Dikutip dari buku Gue Bukan Superman, Miriam Adderholdt, Ph.D. dan Jan Goldberg.

Ketika seniman ulung Daedalus dan putranya, Icarus, ditahan di labirin oleh Raja Minos dari Kreta, Daedalus berusaha keras untuk bisa kabur. Bertahun-tahun dia kumpulkan bulu-bulu burung yang jatuh ketika melintas di atas labirin. Lalu, dia bikin rangka dari kayu dan menempelkan bulu-bulu tersebut ke rangka dengan lilin dan benang ikat. Dia juga bikin sepasang sayap buat dirinya sendiri dan sepasang lagi buat putranya. Ketika membantu Icarus mengikat sayapnya, dia memperingatkan Icarus agar menjaga jarak dengan laut – tidak terbang terlalu dekat dengan matahari yang panas atau terlalu dekat dengan laut yang lembap.
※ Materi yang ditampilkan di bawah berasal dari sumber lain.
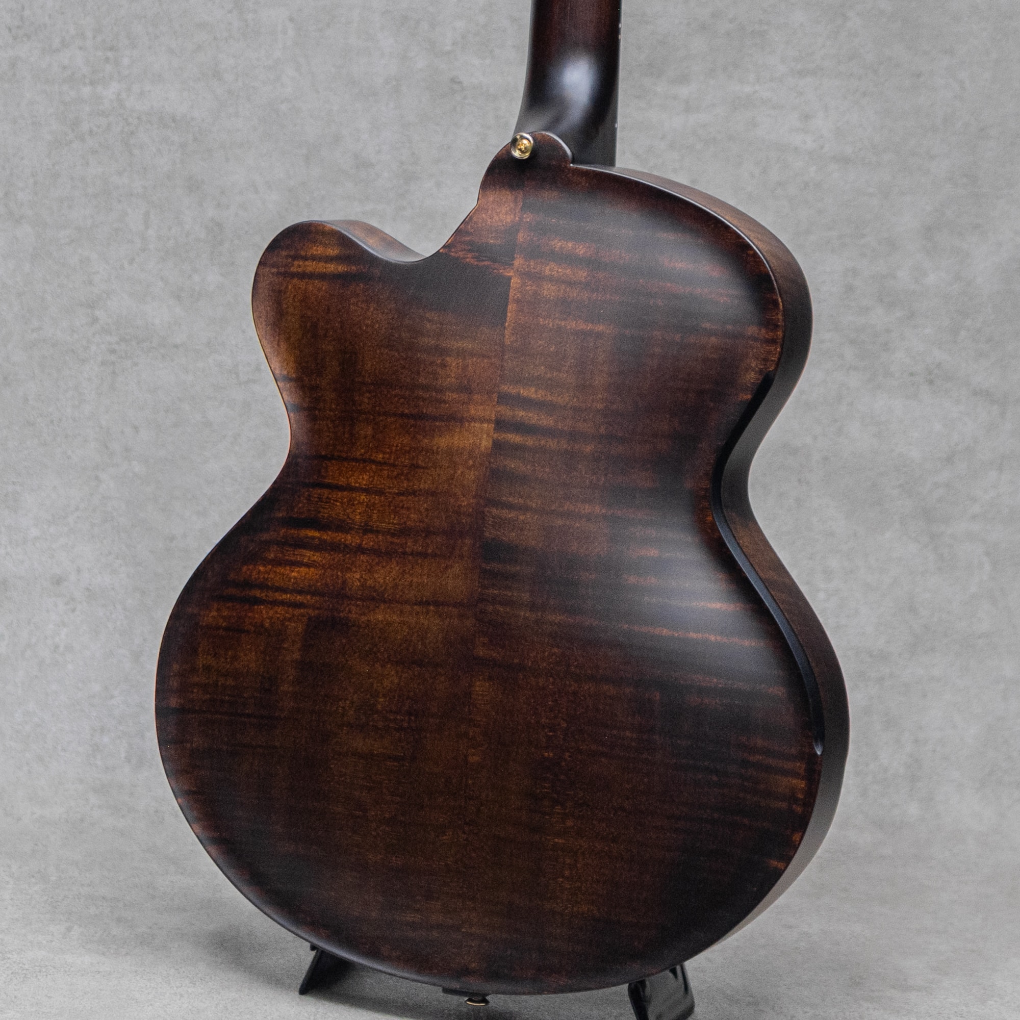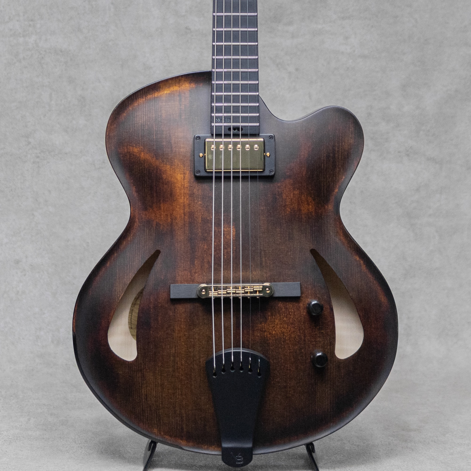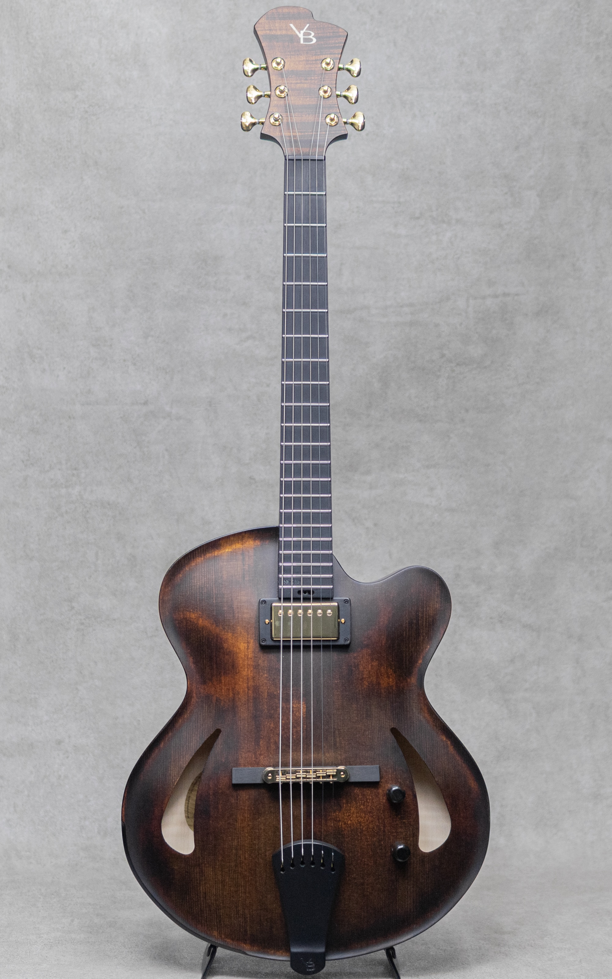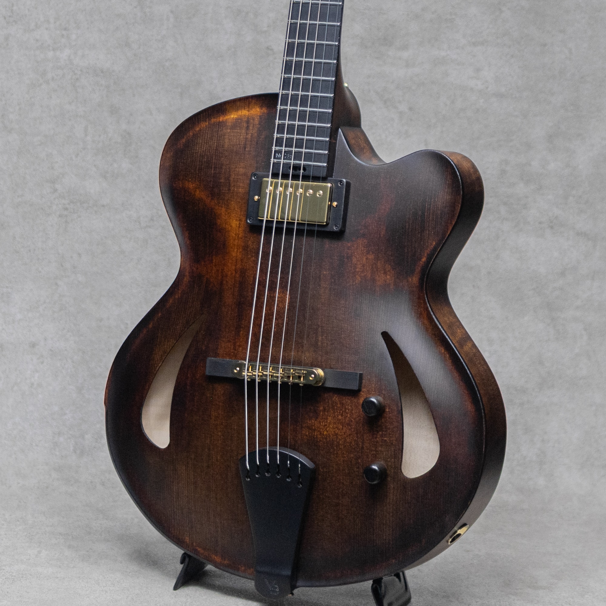 "Victor Baker(ヴィクター・ベイカー)"。自身も卓越したジャズギタリストであり、本拠地とするニューヨークにてアーチトップギター製作開始。ニューヨークの名門と呼ばれるジャズクラブを渡り歩き、名を挙げたベイカーがギター製作に着手したのは2000年。多くのギタリストに愛用されその品質は現場で証明されています。Victor Bakerで最もポピュラーといえるフルホロー15インチモデル。15インチのソリッドスプルーストップ、ソリッドメイプルサイド&バック。マホガニーネック、エボニー指板といったウッドスペックを採用。本器ではピックアップにLoller Pickups製"Imperial"を搭載。またペグ、ピックアップカバー、ブリッジにはゴールドハードウェアを採用し、素朴でシンプルなデザインながら上品な印象も持たせてくれるルックス。塗装面は非常に薄くサテン調に仕上げられており、驚くほど軽量でかつ心地よいフィット感を持った見事な仕上がり。素直でクリアな出音、各フレット上どのポジションでも均整の取れた安定感ある発音でフルホロウアーチトップに求める甘く豊かなトーンをお楽しみいただける1本。ストレスなくプレイできる持ち心地とプレイアビリティの高さも申し分無しのギターです。Reunion Blues製ギグケースが付属。

Ketika mereka berdua terbang melintasi udara di atas lautan menuju kebebasan, Icarus seperti tidak pernah merasakan kegembiraan semacam itu. Sayapnya membawanya melintasi ombak tanpa kesulitan. Merasa kuat, dia terbang lebih tinggi dan semakin tinggi ke tempat yang bisa melihat seluruh dunia dengan lebih jelas. Ah, kenapa tidak terbang lebih tinggi lagi? Dua meter, tujuh meter, dua puluh meter…

Daedalus berteriak padanya, tapi Icarus mengabaikannya. Lalu, terjadilah tragedi : lilin di sayap meleleh, sayap Icarus rontok, dan dia jatuh ke laut seperti batu.